阿北(左):報告報告 有不明觸手侵入地盤!!

阿七(右):不是拉阿北 那個應該是....應該是新品種的手型香蕉 可以吃拉

阿北(左):可是...既然是香蕉你怎麼躲的比我還要後面阿!!!

----------


## 大漠之狼

A(左): 那、那是什麼?((後退一步。
B(右): ...他好蒼白。
((手持續靠進..
A(左): 我問你那是什麼!!((急慌。
B(右): 我哪知道阿!!
A(左): 你不會去問他嗎!!
B(右): 你覺得五指山會說話嗎!!((暴怒。
((手的主人掛三條線..

----------


## Guin

阿肥(左 :阿瘦你餓了嘛要不要''甜噗辣?!
阿瘦(右 :可是你看這甜不辣都塞垢,我們小心ㄧ點,免中毒
手 : 開玩笑,只不過指甲最近沒剪吧了

----------


## fwiflof

猴右：老大，他來搶鏡頭了！
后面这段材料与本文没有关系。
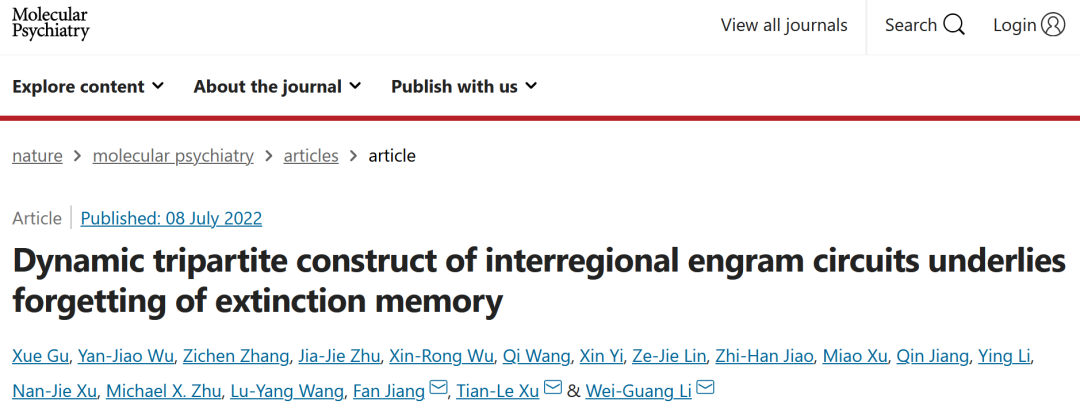 2022年7月8日,复旦大学脑科学转化研究院李伟广研究员、上海交通大学基础医学院徐天乐教授团队和国家儿童医学中心(上海)、上海交通大学医学院附属上海儿童医学中心江帆教授团队合作在Molecular Psychiatry杂志上发表“Dynamic tripartite construct of interregional engram circuits underlies forgetting of extinction memory”的研究论文。研究针对恐惧记忆消退过程中新形成的消退记忆,发现了以内侧前额叶皮层(medial prefrontal cortex, mPFC)为中心的消退记忆印迹神经网络,揭示了消退记忆印迹网络的工作模型,以及跨脑区消退记忆印迹神经连接的动态变化规律,为理解抑郁症、创伤后应激障碍等神经精神疾病治疗后复发提供了科学依据。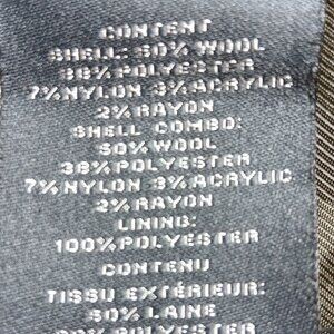 FABRIC: 50% Wool, 38% Polyester, 7% Nylon, 3% Acrylic, 2% Rayon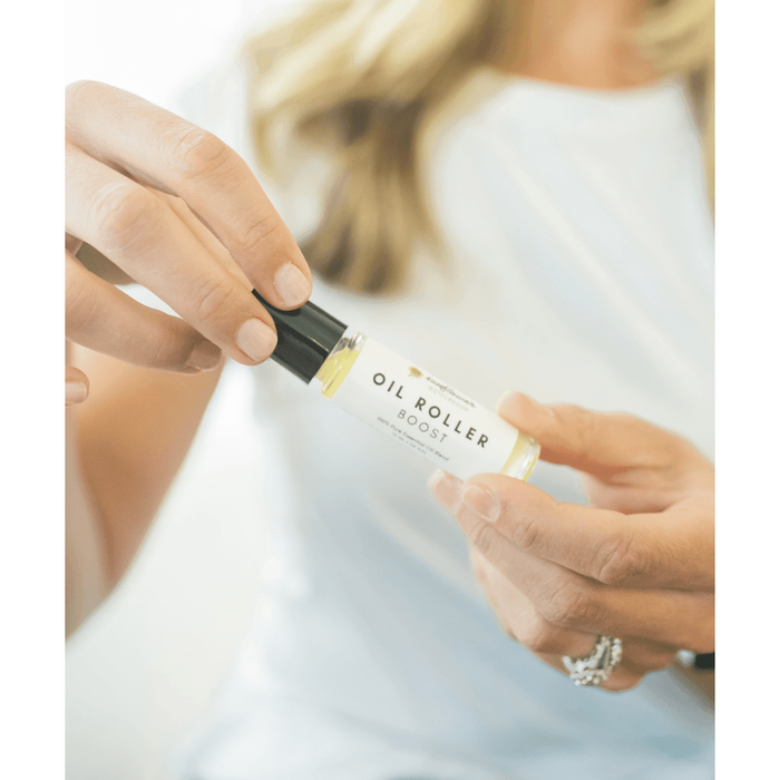 • Bundle and save! The Oil Roller Duo comes with our two signature blends, Boost and Calm. Whether you're looking for some energy or a moment of peace, this set has you covered. The roller applicator ball is made of green aventurine crystal, a stone known for its healing properties. Take a deep breath and apply to back of neck, forearms, and reflex areas on hands and feet.  Made with 100% Pure Essential Oils.

要怎麼辦！
猴左：沒關係，我們靜觀其變，攝影師等一下....
攝影師：我按快門了...
手的主：對不起，我只是扶一下欄杆...

----------


## 野狼1991

小獼:你看,那隻猴子沒有毛耶
小猴:ㄞˇㄜˊ,還白白的,好噁心喔!




(只是為了笑果才用注音文,希望准許(跪
==================
對不起,最近一直在氯化笨和過度反氯化笨XD(倒

----------


## 好喝的茶

左猴一臉驚恐，右猴一臉錯愕。

二猴︰阿爸你去搞脫毛回來之後變得好帥，咱們也要去做！

<hr>
那人大概會淚流滿臉XD

----------


## Silver．Tain

*迷之手：如來神爪!!*

孫悟空(左)：哼!!我不會讓你動我朋友一根猴毛的!!

----------


## 冥獄o玥

手:抽筋了阿，快救我!!!!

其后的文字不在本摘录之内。